Sunday, January 12, 2014

Portugal's Marvelous Marvão

Castle built by Dom Denis in 13th century dominates the town

Once upon a time we all believed in fairy tales, didn’t we? Those exceptionally romantic tales usually had to do with a prince – or princess - a castle and knights in shining armor.While those dashing knights may only exist nowadays in the worn pages of history, fortunately for us fairytale settings - complete with castles and all the romantic trappings that go with them - are abundant in Europe – especially in the very regal Portugal.

For an unusual experience, you have to visit the magical medieval village of Marvão. Perched on a high rocky pinnacle in the Alentejo region not far from the Spanish border, it promises an evocative stay.

Completely surrounded by thick stone walls dating from the 13th to 17th centuries, Marvão is about a two-hour drive west of Lisbon. It offers a privileged peek into Portugal’s storied past while dishing up some of its most typical cuisine, local lore and remnants of Roman ruins. In recent years, it has become a favorite escape for Lisbon residents in search of a weekend respite.

To enter the tiny town, you pass through an archway, just wide enough to fit one car. Beyond that, you’ll find a tangle of winding, cobblestone streets housing a collection of white-washed homes with terracotta roofs, quaint cafés, typical shops and bakeries conjuring up the same tasty treats made by their ancestors centuries ago.

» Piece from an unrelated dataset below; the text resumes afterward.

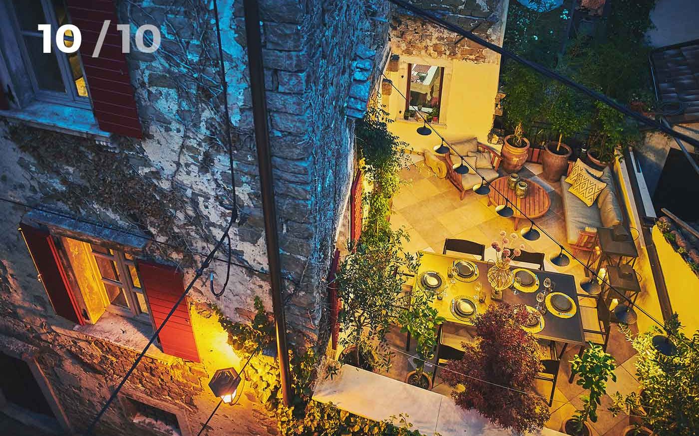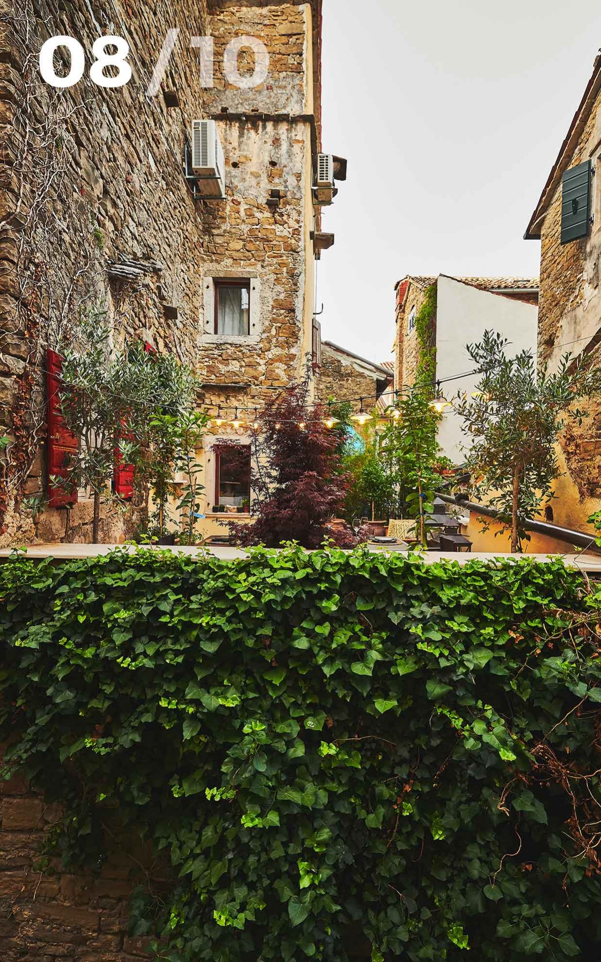 Ispred kuće stvoren je mediteranski zeleni ugođaj, sa pomno biranim mediteranskim biljkama, idealno mjesto za večernju čašu vina uz svijecu i uz note i glasove nekih od muzičara, koje samo prirodno struje ulicama Grožnjana.

The jewel in the crown of this “head in the clouds” village is the dominant castle built by King Dom Dinis in the 13th century as a fortress to stave off the marauding Moors. From the ramparts you get a magnificent 360 degree view of the Serra da Ossa and Serra de São Mamede and the undulating patchwork of flora and granite below, stretching as far as the eye can see.

Close to the castle is the fascinating 15th century Santa Maria Church, now the Municipal Museum. The well kept museum houses an overview of the country’s history with a kaleidoscope of excavated pottery, 15th century saints, colorful azulejos (colorful hand-painted tiles drawn from the Moors) and a small room dedicated to the area’s Jewish history. Many Jews fled to the area to escape persecution during the Spanish Inquisition.
Ancient footsteps to the past

A romantic honeymoon can be booked at the Pousada Santa Maria de Marvão. Pousadas are government-subsidized inns, typically tucked into former castles, convents or villas. This one - located in a clutch of medieval buildings along one the town’s narrow winding cobblestone streets - offers a nod to the past, with modern-day amenities, intimacy and a touch of class. The Pousada’s cozy cliff-top restaurant specializes in grand views of the valley along with robust regional wines and typical Alentejo dishes. Special packages are offered throughout the year.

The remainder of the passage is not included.